Do you have support for your motherboard chipset compiled into the kernel?

----------

## gonad

 *ZeroS wrote:*   

> DMA just refuses to be set in 2.6.0-test11.

 

I get this aswell, but suspect it might already be on as it is compiled in, not sure yet still searching for answers.

----------

## jeffbuttars

I also am unable to set dma on my drives. 

My system is way slower and less responsive than when I use 2.4 kernel. I'm sure it's because the hard drives are boggin everything down. Even music is skipping under heavy loads, this is a first. 

hdparm /dev/hda

/dev/hda:

 multcount    = 16 (on)

 IO_support   =  0 (default 16-bit)

 unmaskirq    =  1 (on)

 using_dma    =  0 (off)

 keepsettings =  0 (off)

 readonly     =  0 (off)

 readahead    = 256 (on)

 geometry     = 65535/16/63, sectors = 80418240, start = 0

----------

## jeffbuttars

It was simply a matter of telling the kernel what chipset  to compile a driver for.

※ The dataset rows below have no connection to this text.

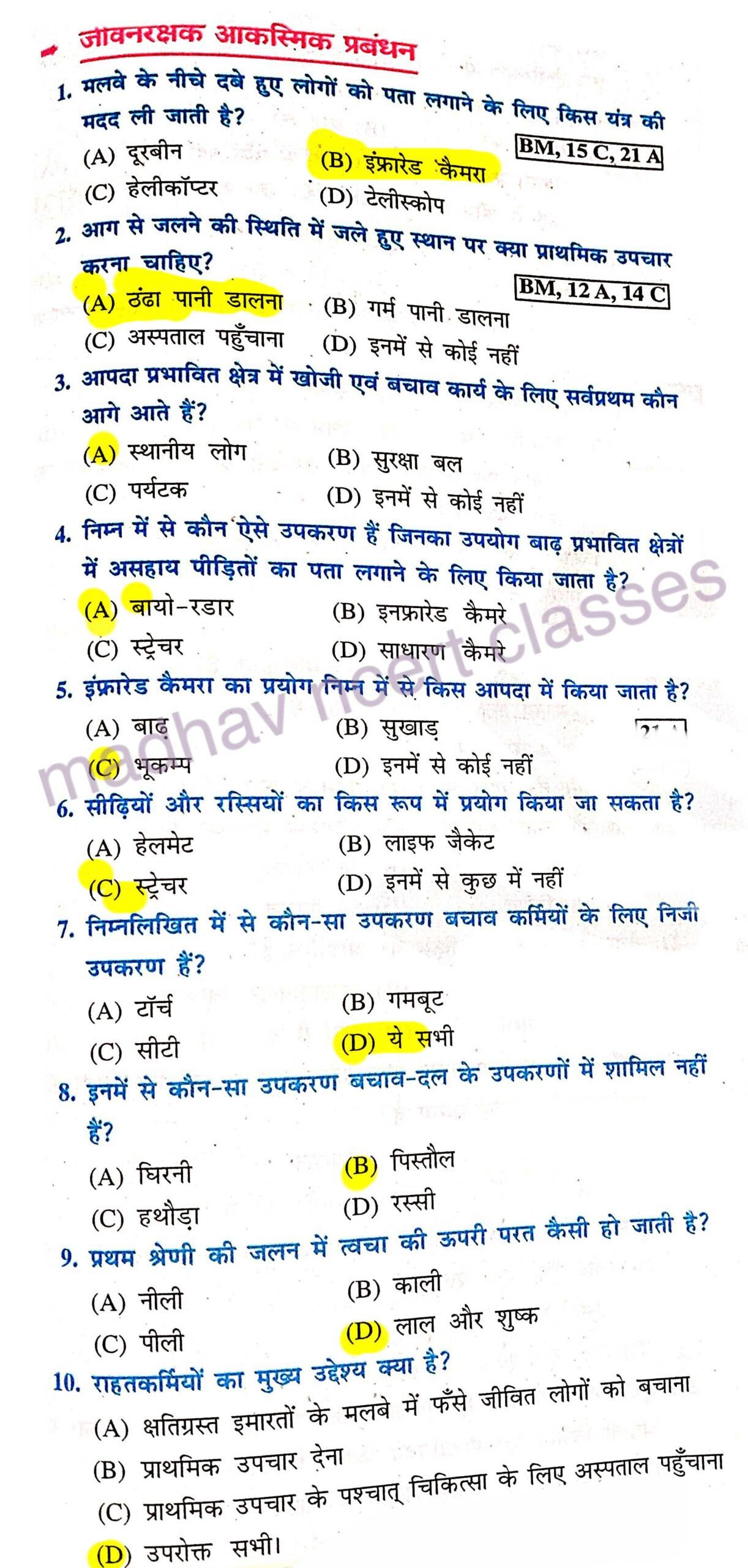 Class 10 ,social science chapter- 5 जीवन रक्षक आकस्मिक प्रबंधन में प्रबंधन सभी महत्वपूर्ण ऑब्जेक्टिव प्रश्न,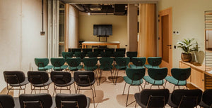 In a flexible meeting room, the upholstered Gispen 101 Chairs are combined with black upholstered D-Chairs.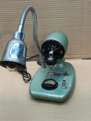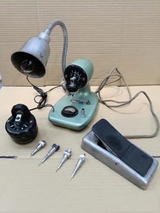 Conjunto de máquina para coser medias, con lámpara y accesorios. - Base de máquina color verde menta. - Lámpara flexible metálica. - Pedal de control. - Varios accesorios de puntas y motor de repuesto. Desconozco si funciona, pues es de 110v. Y no la he enchufado.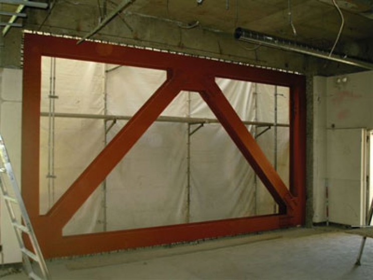 消防署内の壁に鉄骨ブレースを取付けて建物の耐震性を向上させます。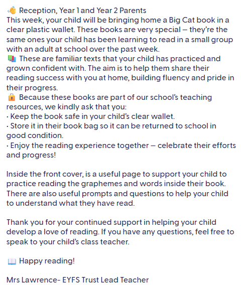 A huge thank you for attending Parent’s Evening this week. It was wonderful to see how proud the children were when sharing their work with you! They are working so hard to be the best they can be, and your support makes a big difference.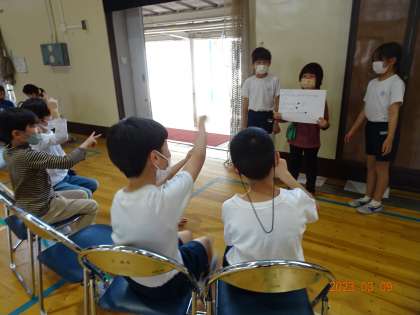 1年生から3年生までのファミリーグループでは、『自然の中から見つけた課題』を人に伝える活動を仕組みました。それぞれの個性が出ていて、時間がいくらあっても足りませんでした。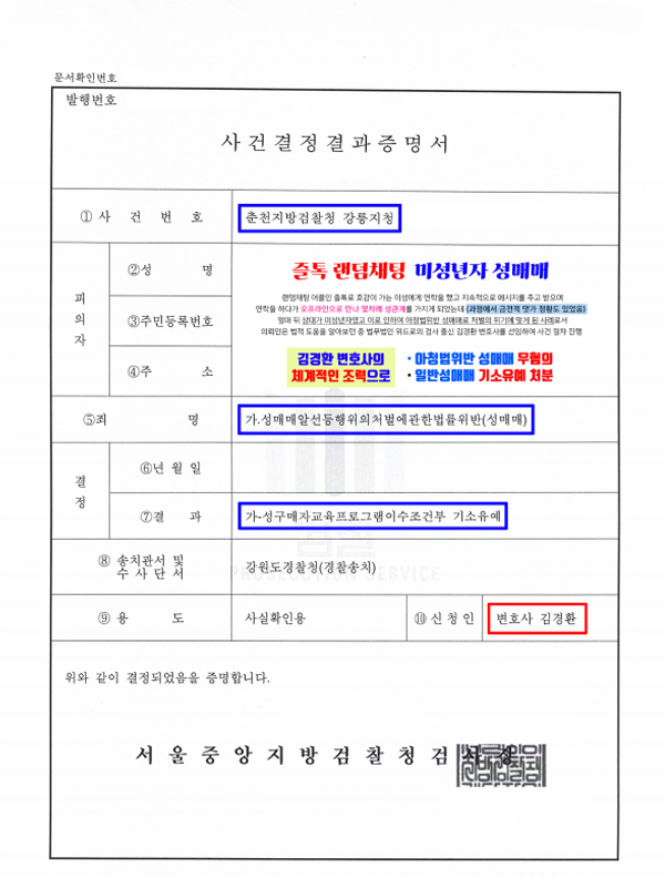 이를 인정하여 아청법 성매수가 아닌 일반 성매매로 기소유예 처분을 하였습니다.
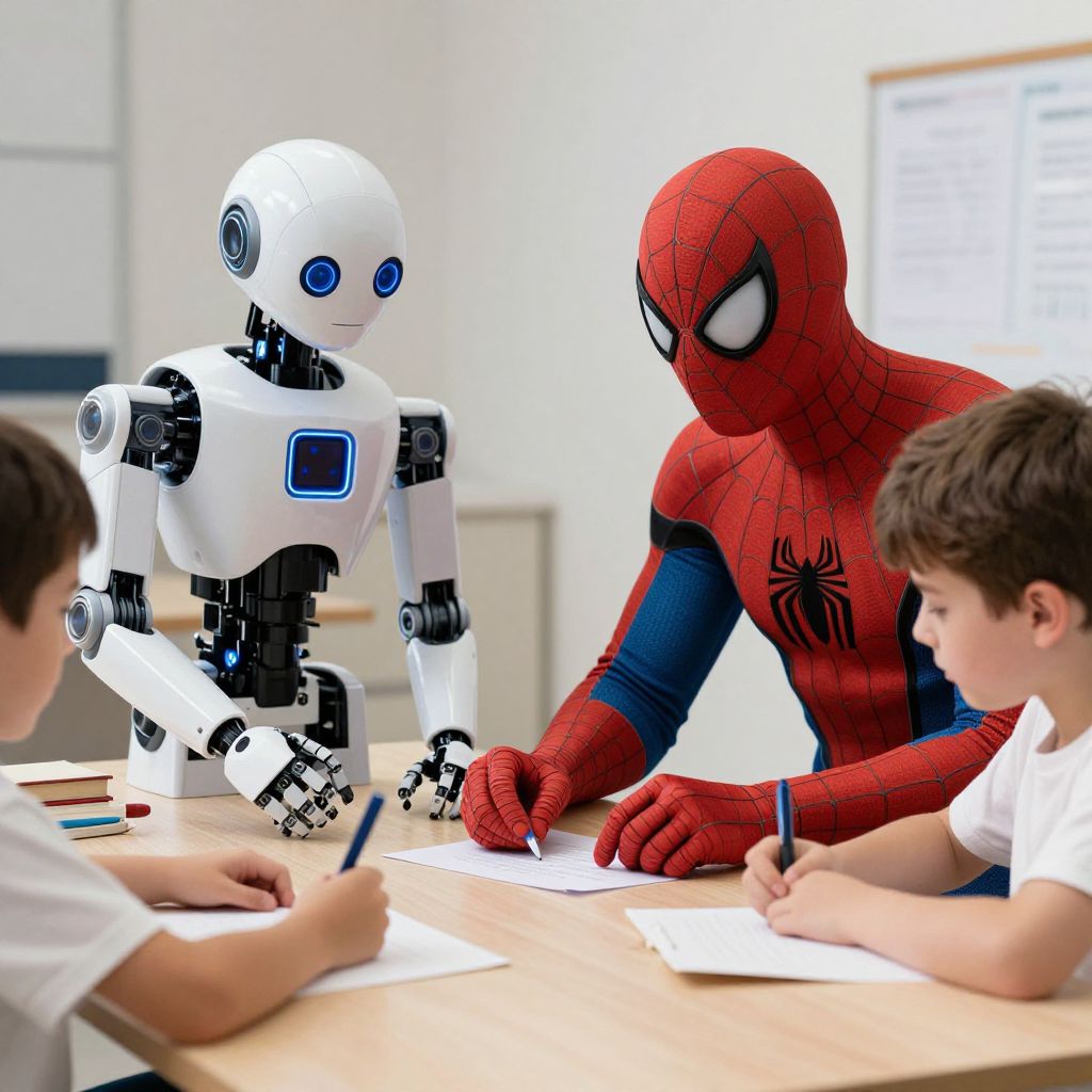 Photograph of a classroom scene: Spider-Man, a white robot, and two boys writing at a desk, bright classroom background.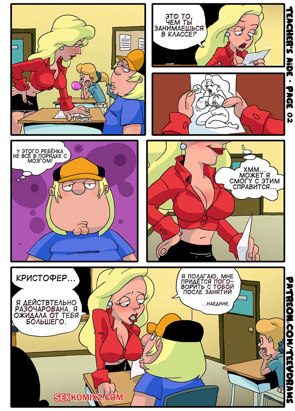 Порно комикс Гриффины. Помощник учителя. Парень залипал на занятиях и мечтал о сексе, горячая училка заметила его флюиды и возбудилась. Он подошла к нему близко, так что ее грудь оказалась перед его глазами и попросила остаться после уроков.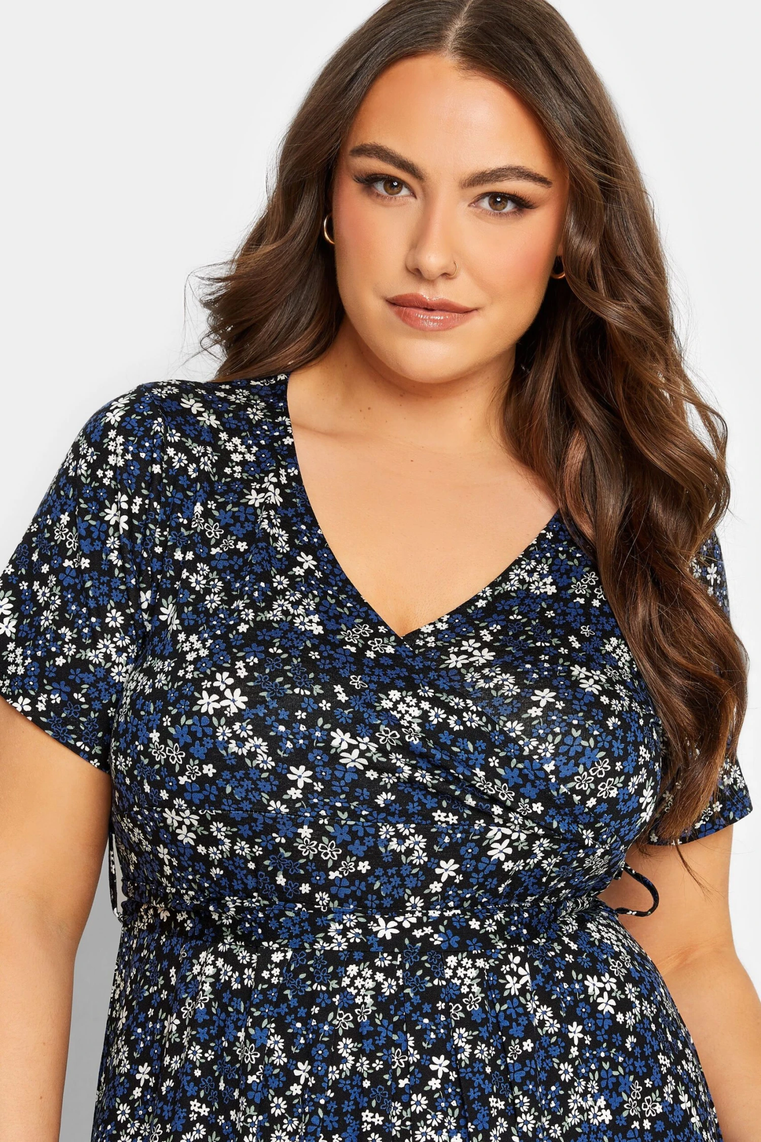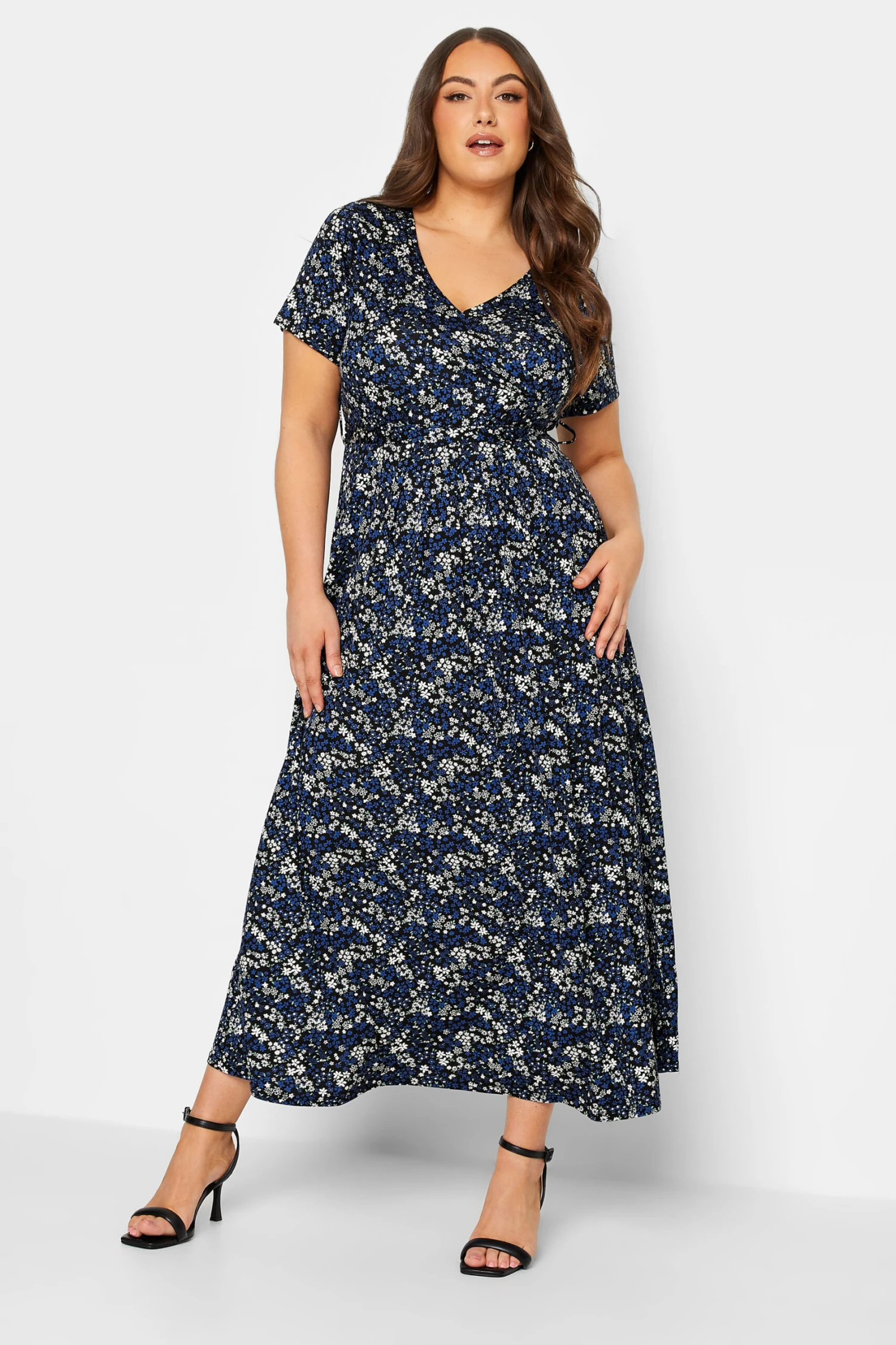 Craquez pour notre robe maxi bleue marine floral cache-coeur. Tendance et fĂ©minine, vous allez l’adorer.

In my case I'm using and AMD chipset so I just checked the box for 'AMD and nVidia IDE support' under the PCI IDE chipset suport -> Generic PCE bus-master DMA support section.

My hard drives are back up to speed - :Smile: 

----------

## ewan.paton

if you dont know what chipsets you have theres a package called pciutils which scans for them to run it type lspci

----------